Scientists say they have developed several two-dimensional (2D) materials which may enable electric vehicles to clock up to 800 kilometres on a single charge.
Lithium-air batteries, which are still in the experimental stages of development, can store 10 times more energy than currently used lithium-ion batteries, and they are much lighter, said researchers from the University of Illinois at Chicago (UIC) in the US.
Lithium-air batteries could be even more efficient and provide more charge with the incorporation of advanced catalysts made from two-dimensional materials, they said.
Catalysts help increase the rate of chemical reactions inside batteries, and depending on the type of material from which the catalyst is made, they can help significantly boost the ability of the battery to hold and provide energy.
"We are going to need very high-energy density batteries to power new advanced technologies that are incorporated into phones, laptops and especially electric vehicles," said Amin Salehi-Khojin, an associate professor at UIC.
In the research published in the journal Advanced Materials, Salehi-Khojin and his colleagues synthesised several 2D materials that can serve as catalysts.
A number of their 2D materials, when incorporated into experimental lithium-air batteries as the catalyst, enabled the battery to hold up to 10 times more energy than lithium-air batteries containing traditional catalysts.
"Currently, electric vehicles average about 100 miles per charge, but with the incorporation of 2D catalysts into lithium-air batteries, we could provide closer to 400 to 500 miles (804 km) per charge, which would be a real game-changer," said Salehi-Khojin.
"This would be a huge breakthrough in energy storage," he said.
The researchers synthesised 15 different types of 2D transition metal dichalcogenides or TMDCs.
TMDCs are unique compounds because they have high electronic conductivity and fast electron transfer that can be used to participate in reactions with other materials, such as the reactions that take place inside batteries during charging and discharging.
The researchers experimentally studied the performance of 15 TMDCs as catalysts in an electrochemical system mimicking a lithium-air battery.
"In their 2D form, these TMDCs have much better electronic properties and greater reactive surface area to participate in electrochemical reactions within a battery while their structure remains stable," said Leily Majidi, a graduate student at UIC.
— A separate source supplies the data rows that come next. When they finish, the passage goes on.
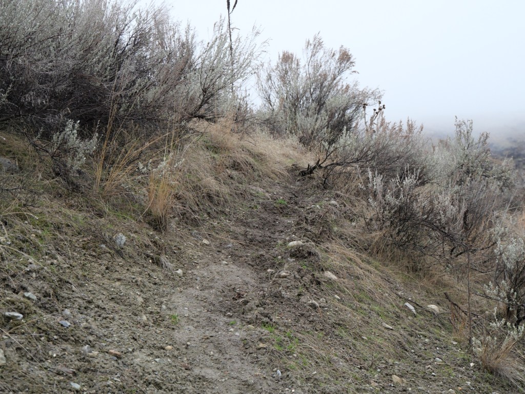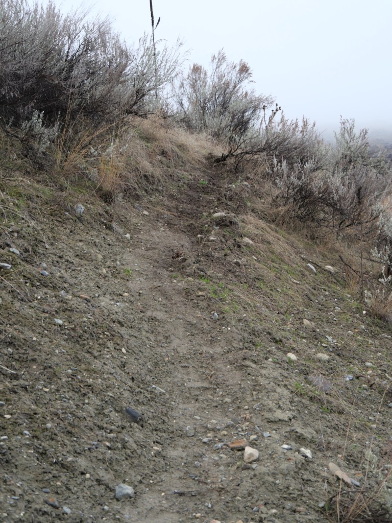 Here you can see the track of a bicycle on the lower trail, untouched by deer but still used by coyotes, quite a slump in the centre of the image, a great thing to avoid, and just below it, the new deer trail coming up from below, then bending to rejoin the upper trail, and all that bounding. I suspect the does are leading their fawns, who struggle up the steeper slope on the lower left, then bound to catch up once they make the bend, and then it’s easier going on the grass again. At this rate, in a year, the whole pressure mound of soil bulging above the centre of the image is going to be pushed further down slope, the grass will have seeded the upper edge of the churned-up trail, and the trail is going to be straight again… well, until it sags some more. It takes a team to make a trail: gravity, earth, water and deer, all together! It’s not just trails. The hills are being carved out, day to day, every day making them more closely resemble deer. And that’s beautiful.
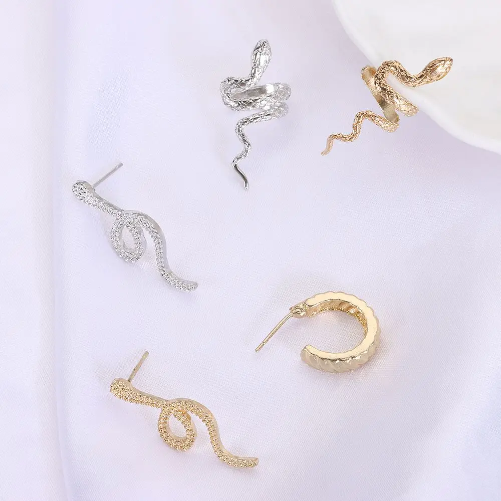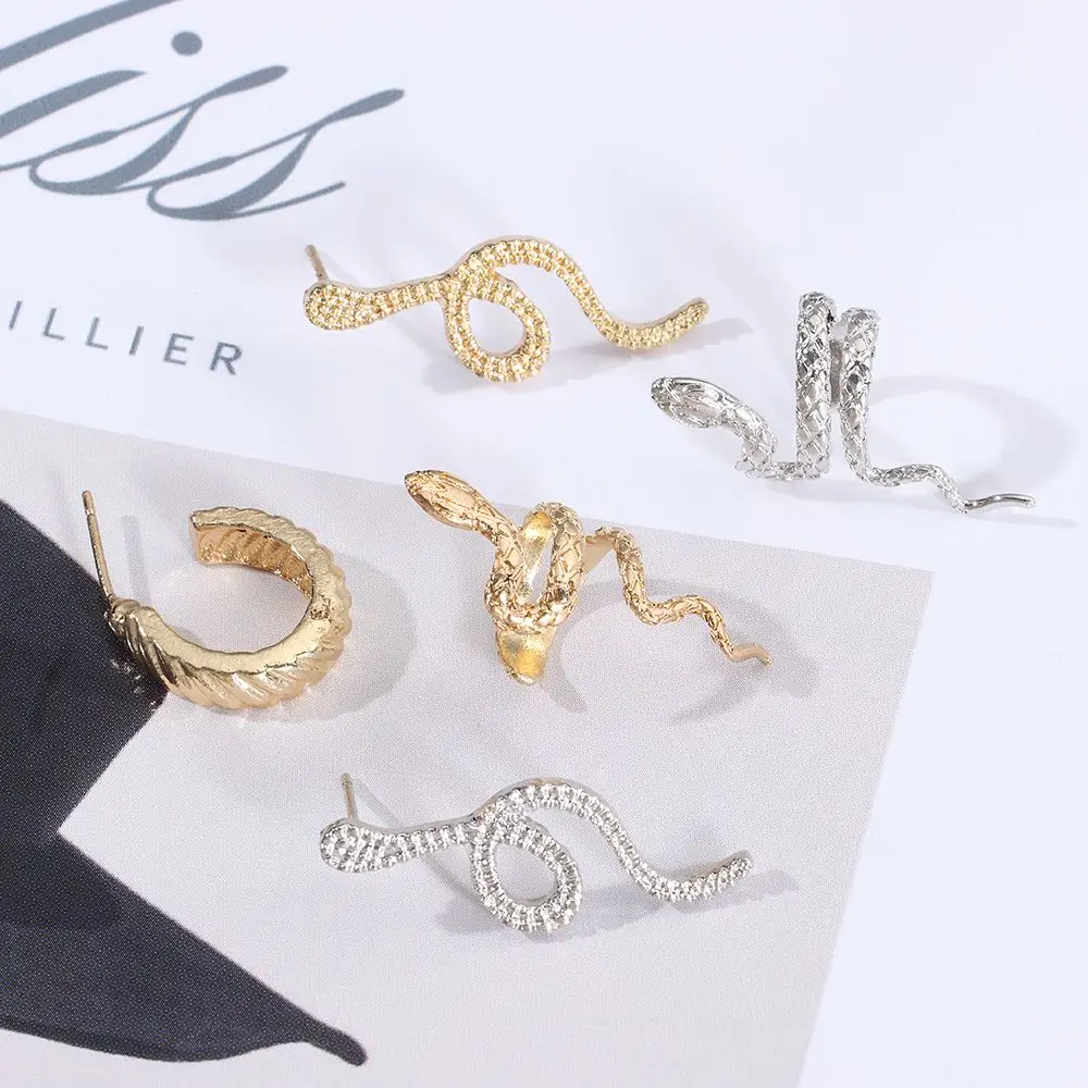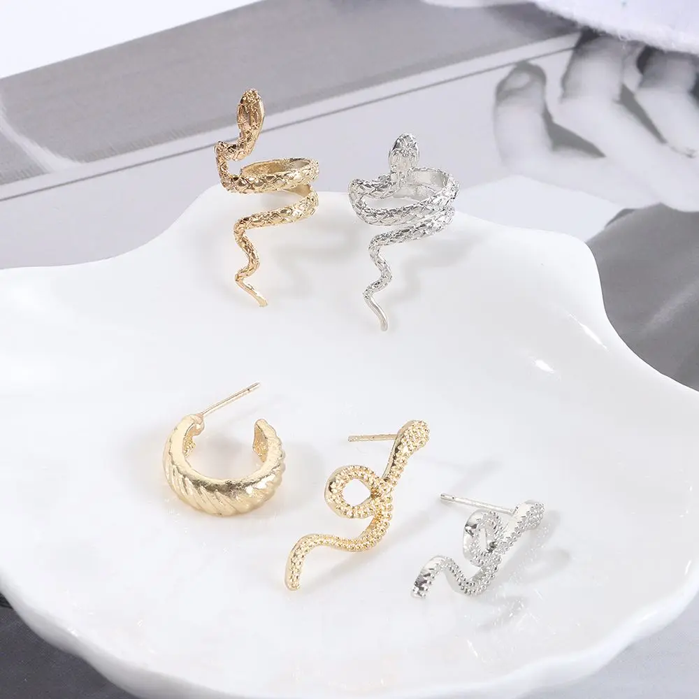 3 шт.компл. серьги-клипсы в виде змеи для женщин винтажные золотые клипсы для ушей клипсы в стиле панк Индивидуальные ювелирные изделия аксессуары Подарки
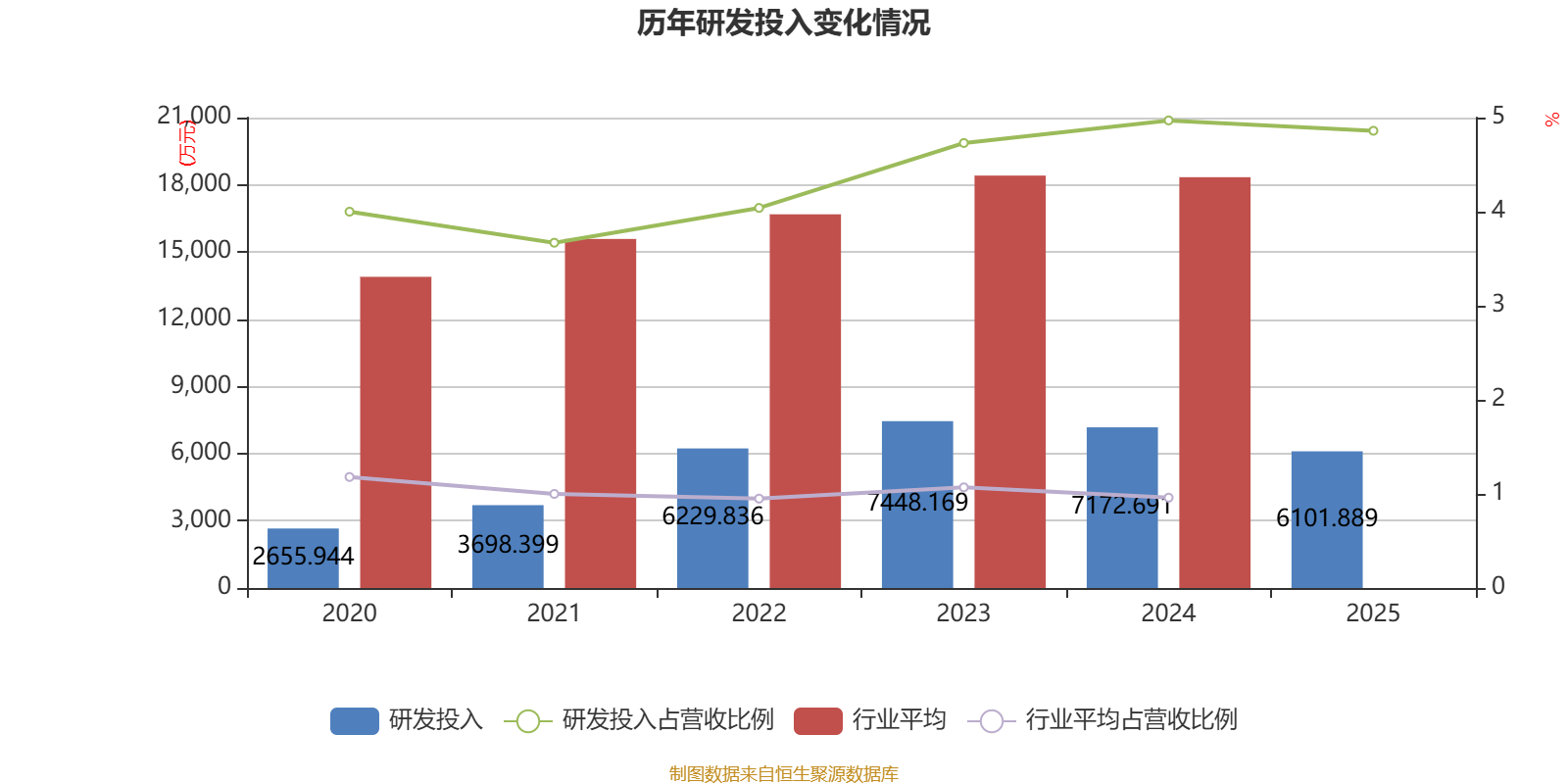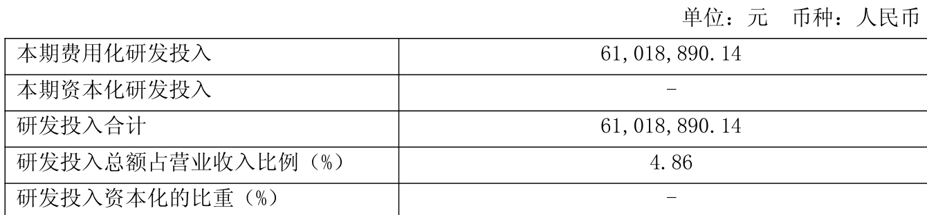 2025年全年,公司研发投入金额为6101.89万元,同比下降14.93%;研发投入占营业收入比例为4.86%,相比上年同期下降0.11个百分点。

"Reaction rates are much higher with these materials compared to conventional catalysts used such as gold or platinum," Majidi said.
One of the reasons the 2D TDMCs performed so well is because they help speed both charging and discharging reactions occurring in lithium-air batteries.
The 2D materials also synergise with the electrolyte -- the material through which ions move during charge and discharge.
"The 2D TDMCs and the ionic liquid electrolyte that we used acts as a co-catalyst system that helps the electrons transfer faster, leading to faster charges and more efficient storage and discharge of energy," he said.